THE PROBLEM:
The reply must repeat the listing below exactly and carry none of its pictures.

GIVEN INFORMATION:
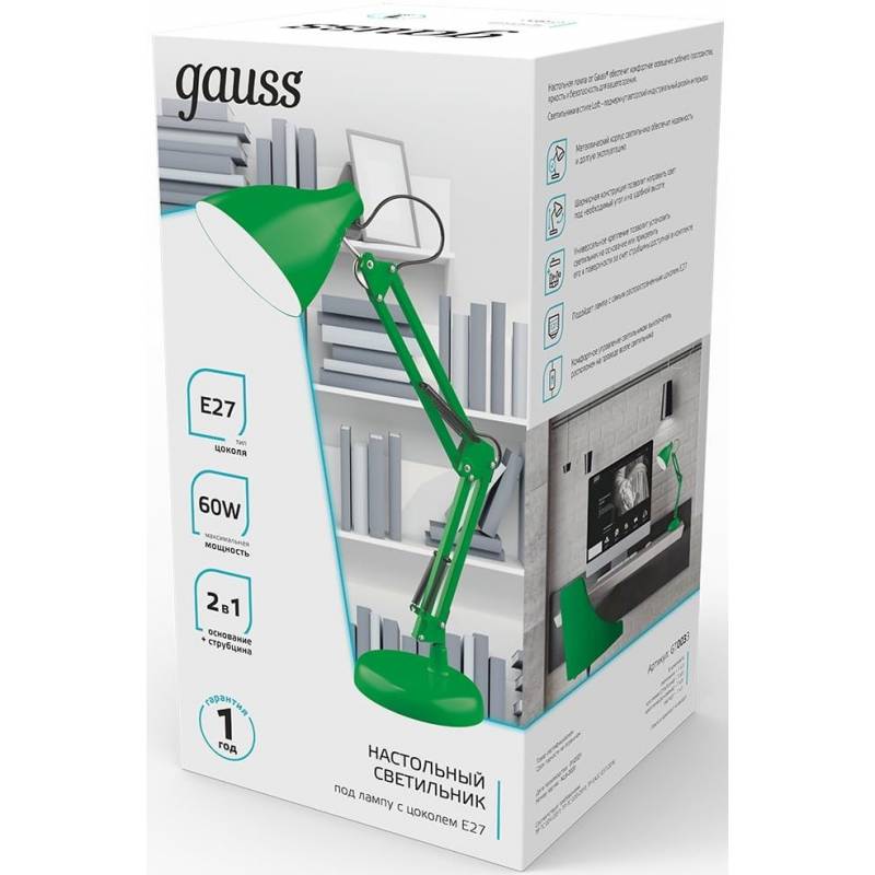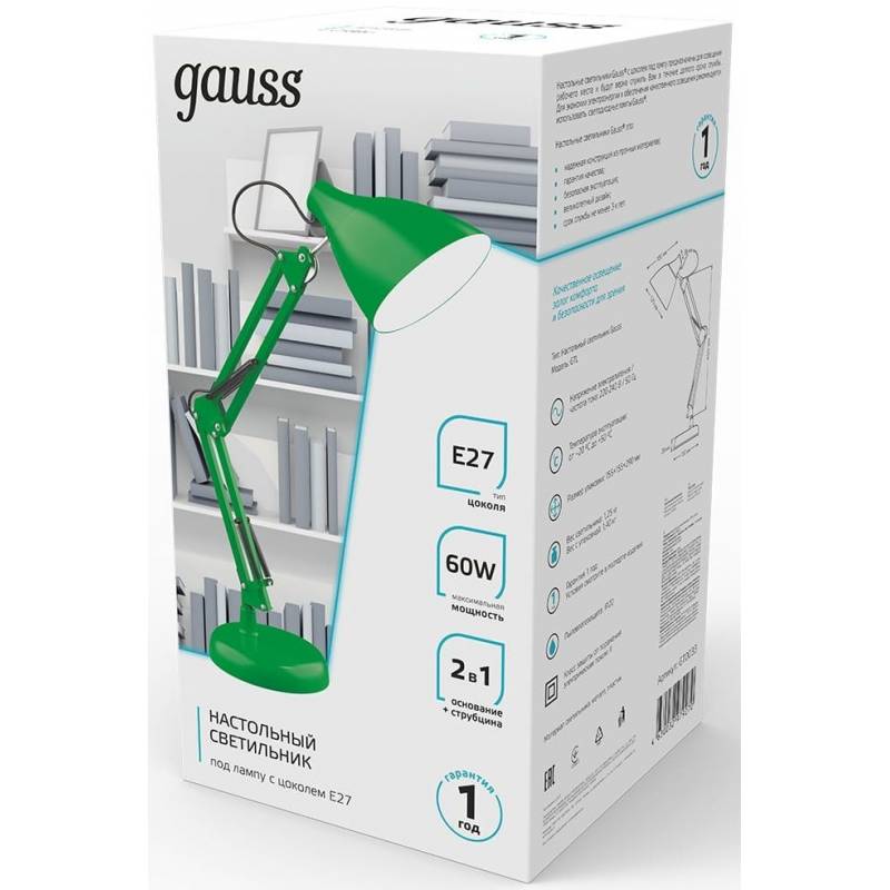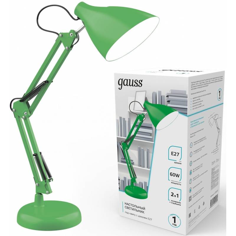 Светильник Gauss GTL003 (GT0033) настольный на струбцине/основание E27 зеленый 60Вт
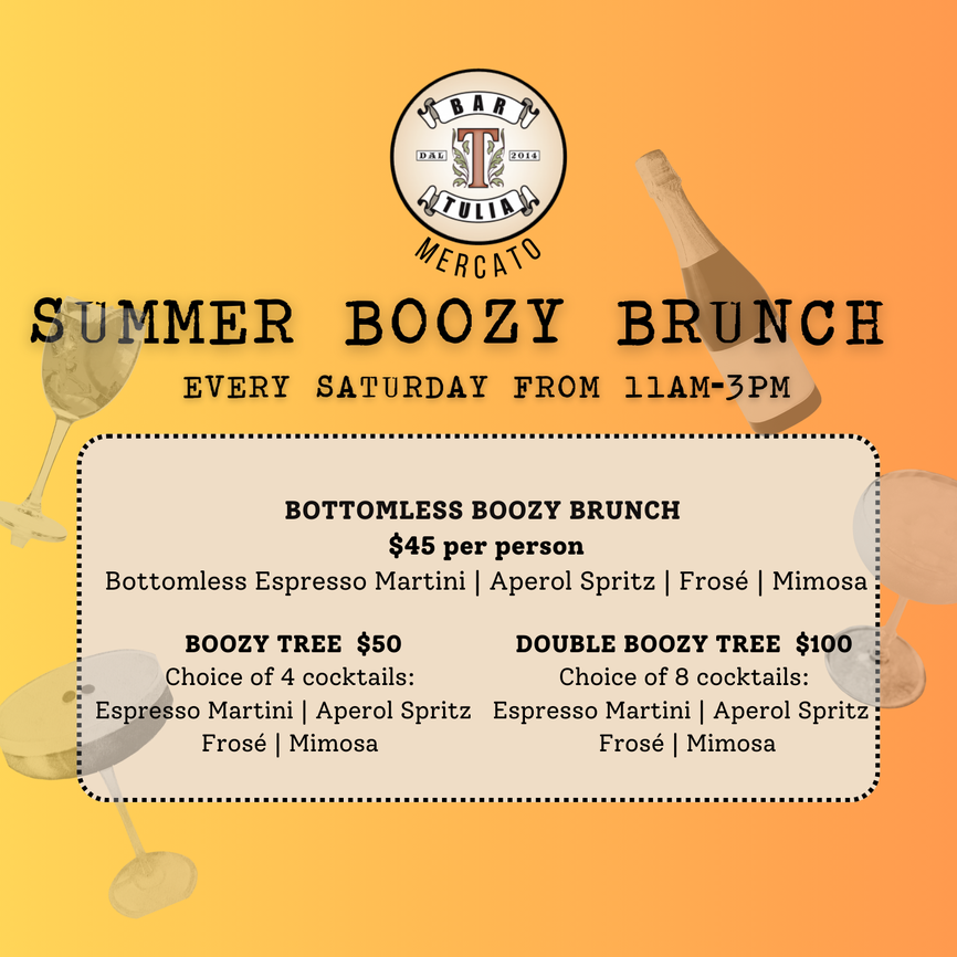 Join us for Boozy Brunch for Bottomless Espressotinis, Aperol Spritz, Frose, Mimosas & Music!!
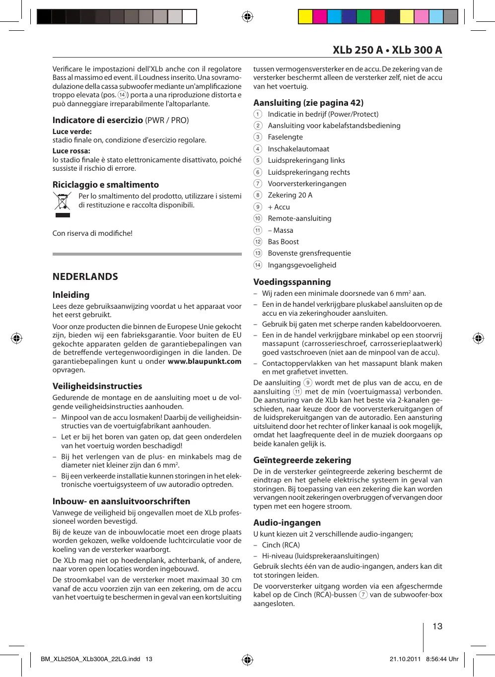 Download de handleiding voor uw Autoversterker in PDF-formaat gratis! Vind uw handleiding BLUE MAGIC XLB 300 A - BLAUPUNKT en neem uw elektronisch apparaat weer in handen. Op deze pagina staan alle documenten die nodig zijn voor het gebruik van uw apparaat. BLUE MAGIC XLB 300 A van het merk BLAUPUNKT.

ANSWER TO THIS EXERCISE:
 Светильник Gauss GTL003 (GT0033) настольный на струбцине/основание E27 зеленый 60Вт
 Join us for Boozy Brunch for Bottomless Espressotinis, Aperol Spritz, Frose, Mimosas & Music!!
 Download de handleiding voor uw Autoversterker in PDF-formaat gratis! Vind uw handleiding BLUE MAGIC XLB 300 A - BLAUPUNKT en neem uw elektronisch apparaat weer in handen. Op deze pagina staan alle documenten die nodig zijn voor het gebruik van uw apparaat. BLUE MAGIC XLB 300 A van het merk BLAUPUNKT.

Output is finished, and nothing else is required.